Download free ~ Mario Nascimbene’s ‘Susans Theme’ taken from Jack Clayton’s british New Wave classic .. ROOM AT THE TOP

Download free ~ Mario Nascimbene’s ‘Susans Theme’ taken from Jack Clayton’s british New Wave classic .. ROOM AT THE TOP


Room at the Top, released at the beginning of 1959, was the first of the ‘new wave’ films. It came from established industry producers, John and James Woolf, and was a huge box-office hit. This success opened up new possibilities for British filmmakers. Audiences had proved they were prepared to see adult storylines, gritty realism and political comment, and so the new wave as a commercial proposition was born. War films and romantic comedies dried up and the provinces and proletariat were suddenly discovered.

As a trailblazer which had a big impact on the British film industry and its audience, Room at the Top has inevitably faced a backlash. After an initial consensus that it was daring and different, a new consensus emerged that it was stolid and indifferent.

No other new wave film takes on the class system as boldly. It offers a complex analysis of class warfare that challenges the accepted state of things in Britain at the time. Joe is proud of his class but, unlike Arthur Seaton in Saturday Night, keen to leave it. The only way to do this is by cold calculation and emotional manipulation.

Britain at all levels is depicted as desperately holding on to class as a means of self-belief. Joe’s relatives tell him to stick to his own kind, yet the toughs that beat him up don’t see him as of their own class. The rank-pulling of Jack Wales tells him that it is just a different kind of war now.
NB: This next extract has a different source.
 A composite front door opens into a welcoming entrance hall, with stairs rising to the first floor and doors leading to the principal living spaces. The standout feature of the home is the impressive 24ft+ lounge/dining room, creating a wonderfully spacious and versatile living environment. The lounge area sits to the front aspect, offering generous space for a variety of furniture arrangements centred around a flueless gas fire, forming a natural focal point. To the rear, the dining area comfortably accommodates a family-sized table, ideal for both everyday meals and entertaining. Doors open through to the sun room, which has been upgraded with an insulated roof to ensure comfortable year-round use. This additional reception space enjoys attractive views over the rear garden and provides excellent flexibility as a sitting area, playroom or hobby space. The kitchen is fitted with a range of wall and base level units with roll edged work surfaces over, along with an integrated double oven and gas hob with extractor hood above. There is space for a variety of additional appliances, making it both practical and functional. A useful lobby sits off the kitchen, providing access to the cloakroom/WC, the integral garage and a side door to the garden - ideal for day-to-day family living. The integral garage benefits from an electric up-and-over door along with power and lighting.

It takes the outsider figure of Alice, the Frenchwoman, to offer the hope of some redemption. Joe’s failure to choose Alice, the woman he loves, over Susan, the agent of social mobility, becomes England’s failure as well.
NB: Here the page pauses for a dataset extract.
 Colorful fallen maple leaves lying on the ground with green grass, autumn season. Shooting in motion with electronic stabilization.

The film may not be stylistically adventurous, with long scenes and conventional editing, but the content bites. Simone Signoret’s performance is ferociously good – bringing out all the pain of Alice’s situation. On the other hand, Laurence Harvey, as Joe, is often used as a stick to beat the film with. Certainly he is few critics’ favourite actor and, being a Lithuanian raised in South Africa, sports a strange Johannesburg-Bradford accent. Yet there is something about his blank, narcissistic presence that works in showing Joe’s essential weakness.